No se si me vería la tía un poco mustio aquella
mañana porque me dijo:
-¡Hala, Bastiané! Prepara tus cosas, que esta tarde
nos vamos. Y voy a darte una buena noticia: el día de San Antón cae en sábado y
ha dicho tu tío que a lo mejor vienes otra vez ese fin de semana si os dejan
los maestros.
Después de desayunar metí mis juguetes y mis cosas
en una caja de cartón, la até bien con una liza y salí de casa a dar una vuelta
y despedirme de los amigos.
En casa de la tía ultimaban la preparación del
viaje. Sólo nos separaban treinta y ocho kilómetros de Huesca, pero entonces
era un gran viaje.
Después de comer subimos a la plaza con todos los
bártulos y me acompañaban mis tíos.

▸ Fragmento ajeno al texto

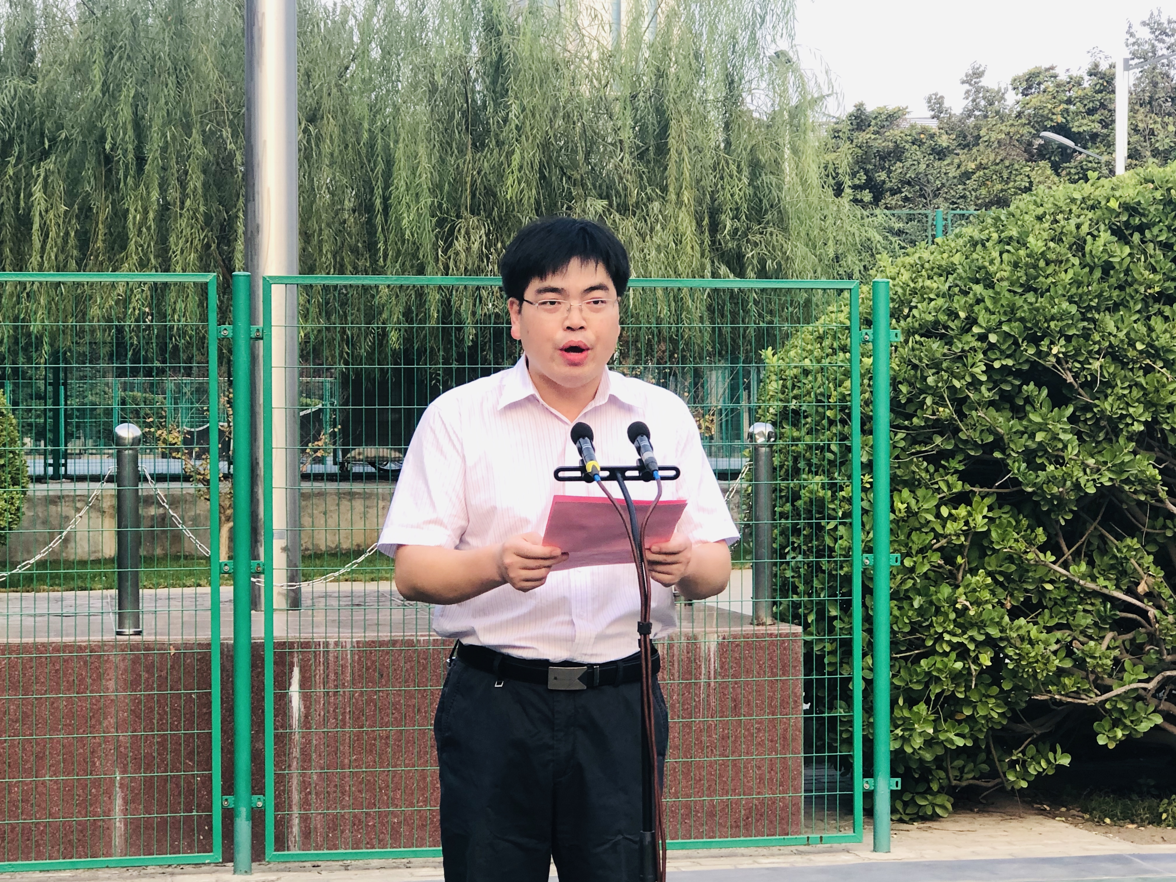 6:50分许,升旗仪式正式开始,国旗护卫队护卫着国旗,英姿飒爽,迈着铿锵有力的步伐,走上升旗台。随着主持人一声“升国旗、唱国歌”的口令,伴随着初升的太阳和雄壮的国歌,升旗手迎风振臂,鲜艳的五星红旗冉冉升起,全体师生行注目礼,向神圣的国旗致以崇高的敬意。随后,医学院郜俊华、李一鸣等20多位同学饱含深情地朗诵了《祖国,您好》,表达对祖国母亲的敬爱和祝福。医学院党委书记余本胜教授讲话,激励同学们在奋斗中释放青春激情、追逐青春理想,以青春之我、奋斗之我,为民族复兴铺桥架路,为祖国建设添砖加瓦。升国旗仪式最终在热烈的掌声中结束。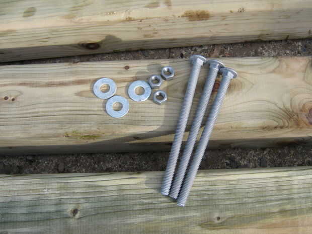 He utilizado las sobras de una cubierta asi todo es madera tratada y también utilizados pernos galvanizados y los tornillos de la cubierta verde, así que este cachorro va a durar un tiempo.

Ya estaba esperando la tartana de Francho y
allí nos embutimos todos con mi mercancía para cubrir los diez kilómetros que
nos separaban de la estación de Ayerbe.
Al cabo de media hora, ya bajaba de Canfranc con su
asmática locomotora echando humo.
Como el tren venía lleno, el tío subió a buscar
sitio mientras nosotros esperábamos en el andén con mi cajeta con mis cosas. No
había mucha prisa, ya que el tren no arrancaría hasta que todos hubiéramos
subido a él.
¡Que diferencias con los de ahora! ¡Hoy todo son
prisas!
Por fin encontramos acomodo en el departamento de un
vagón de tercera. Saludamos a sus ocupantes, colocamos los bultos debajo de los
asientos de rejilla de madera y nos sentamos. Una señora muy amable me dejó
colocar al lado de la ventanilla al ver cómo estiraba el cuello para mirar
afuera. Todos iban muy cargados y hasta se escuchaban las protestas de un par
de gallinas metidas en una caja con unos agujericos en la tapa para respirar.

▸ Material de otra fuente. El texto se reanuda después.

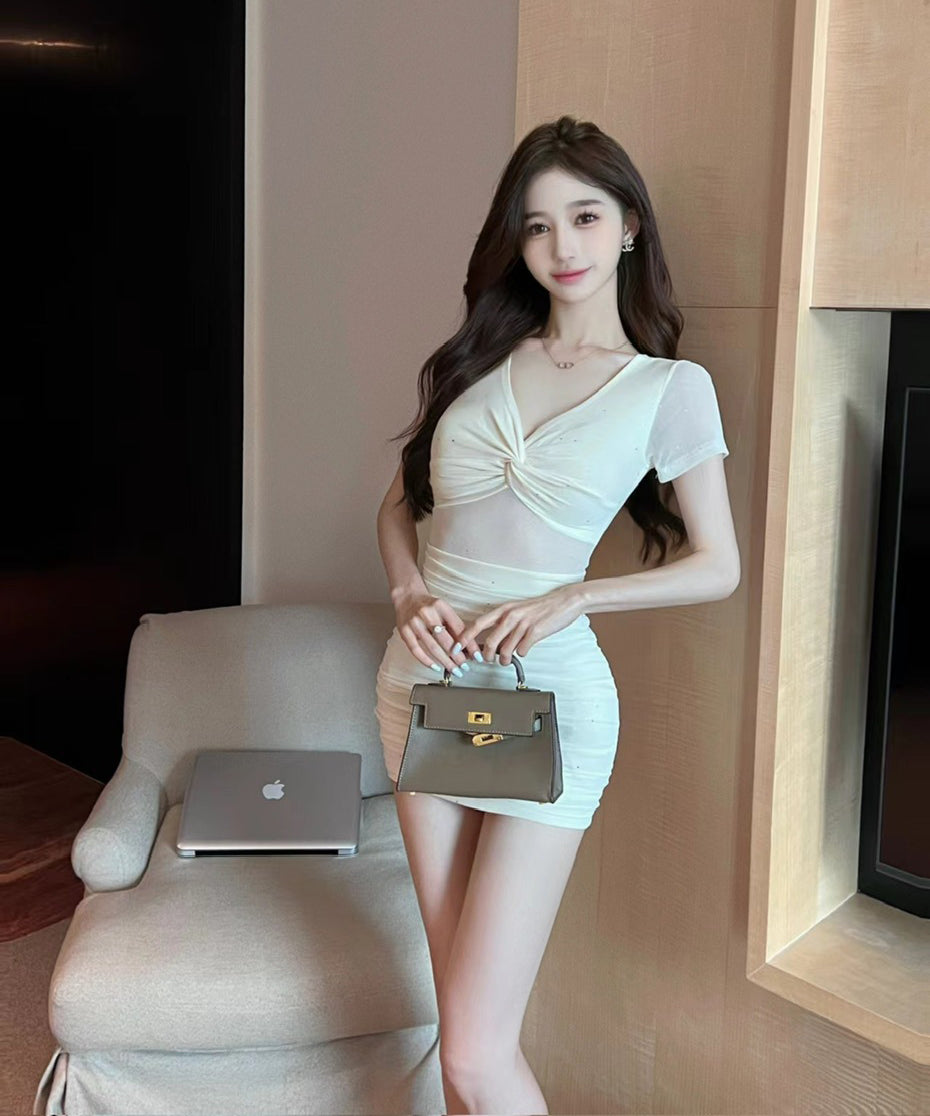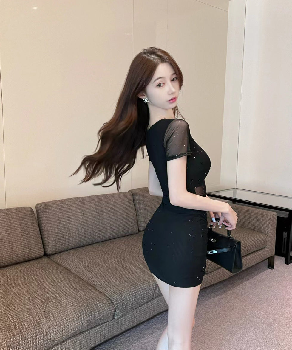 【3色】ミニドレス キャバドレス セクシー キラキラ Vネック 透け感 着痩せ YH2-DD6807

Tío me ayudó a bajar la ventanilla tirando de la
correa de lona, pero ya me advirtió que cuando nos pusiéramos en marcha la
cerraría por el frío y para que no me entrara carbonilla en los ojos, como
siempre que iba en tren.
El jefe de la estación repicó ligeramente en el
zimbalico que colgaba junto al reloj mientras exclamaba:
-¡Señores viajeros, al tren!
Todos los del departamento se santiguaron y,
momentos después, arrancaba el convoy. El tren corría ligero porque iba cuesta
abajo y seguro que en un par de horas cubriría los treinta kilómetros que nos
separaban de nuestro destino.
La tía sacó una fiambrera de la cesta y nos repartió
un trozo de tortilla a cada uno y una tajada de pan, no sin antes ofrecer
cortésmente a nuestros compañeros de viaje, que no aceptaron porque también
llevaban su alforja. Fuimos comiendo y parando en todas las estaciones del
trayecto. El traqueteo nos hacía bailar a derecha e izquierda como si
estuviéramos en una batidora.
Cuando llegamos a Huesca ya era de noche, y es que
los días eran muy cortos aunque ya empezaban a alargar, pues como decía mi
abuela, “para Los Magos, no notan los bueyes”.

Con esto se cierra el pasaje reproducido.